Bypassing blocked arteries near the heart has been a successful surgical procedure since the 1960s. A small number of cardiothoracic surgeons are using a technique that, in appropriate patients, can result in lower risks from side effects of the surgery.
McLeod Cardiothoracic Surgeon Scot Schultz explains the two major types of coronary artery bypass surgeries:
Here are a few points from Dr. Schultz’s video:
- The typical coronary artery bypass graft is pretty similar to the approach back in the nineteen sixties. The traditional operation uses a heart-lung machine, which takes over the function of the patient’s heart and lungs.
- This allows the surgeon to operate on a heart that’s not beating and with no pulsing blood in the area of surgery.

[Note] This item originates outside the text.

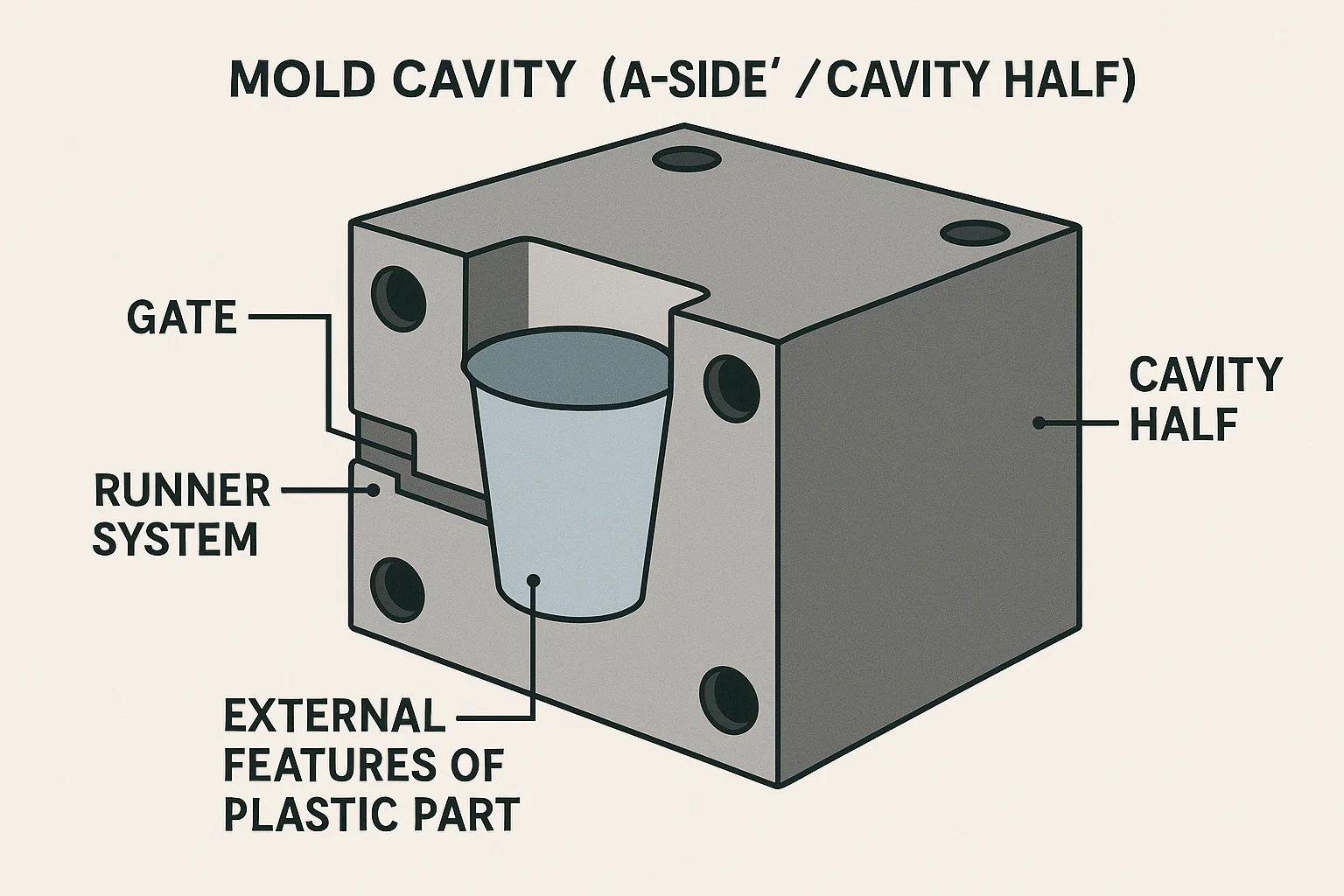 . kalıp boşluğu , "A tarafı" veya "boşluk yarısı" olarak da bilinir, harici özellikler plastik parçanın. Erimiş plastiğin doldurduğu dış kabuk veya kaptır. Plastik bardak benzetmesini kullanarak, boşluk dudağı ve dış duvarları da dahil olmak üzere fincanın dışını oluşturacaktır.
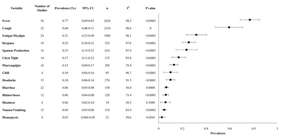 Our review analyzed 14 clinical characteristics. The most prevalent clinical characteristics were fever and cough. Fever occurred in 76.8% (95% CI 68.7–84.9%), cough occurred in 59.3% (47.8–70.8%), and fatigue/myalgia occurred in 31.7% (23.1–40.4%) of patients. Upper and lower respiratory symptoms were reported less frequently, with dyspnea in 25%, sputum production in 23%, chest tightness in 17%, pharyngalgia in 13%, and rhinorrhea in 6% of patients. Gastrointestinal symptoms, including diarrhea and nausea/vomiting occurred in 6% and 5% of patients, respectively. The above-mentioned prevalence was statistically significant, with a p-value < 0.01 (Table 2). The overall meta-analysis results of the clinical characteristics are shown in Figure 1.

- In the late 1990’s, Beating Heart Surgery became a realistic alternative to conventional bypass surgery but is still performed in only about 18% of bypass patients. In this operation, the patient is not attached to the heart-lung machine. The heart is never stopped during the procedure and continues to beat.
- There are several benefits to the “beating heart” procedure.
- The big impact is in reducing brain injury such as neurocognitive disorders and strokes that are associated with the heart-lung machine. With beating heart bypass, the risk of a stroke is less than half a percent. With the conventional operation, there’s about a 2% risk for stroke.
- The risk of stroke is higher in the elderly population. Hence, beating heart surgery is perhaps better for that age group.
- There’s less need for blood transfusion.
- Beating heart patients are on the ventilator for a shorter period of time.
- The incidence of infection may be lower.
- And the frequency of renal failure or kidney disease following the operation is also less likely with the beating heart procedure.
- The beating heart procedure is more difficult for the surgeon, trying to stitch moving blood vessels that are between one and three millimeters in size. The required precision is one of the reasons more surgeons have not adopted this technique.
Cardiologists generally handle the initial diagnosis and testing and, if surgery is needed, work with Cardiothoracic Surgeons.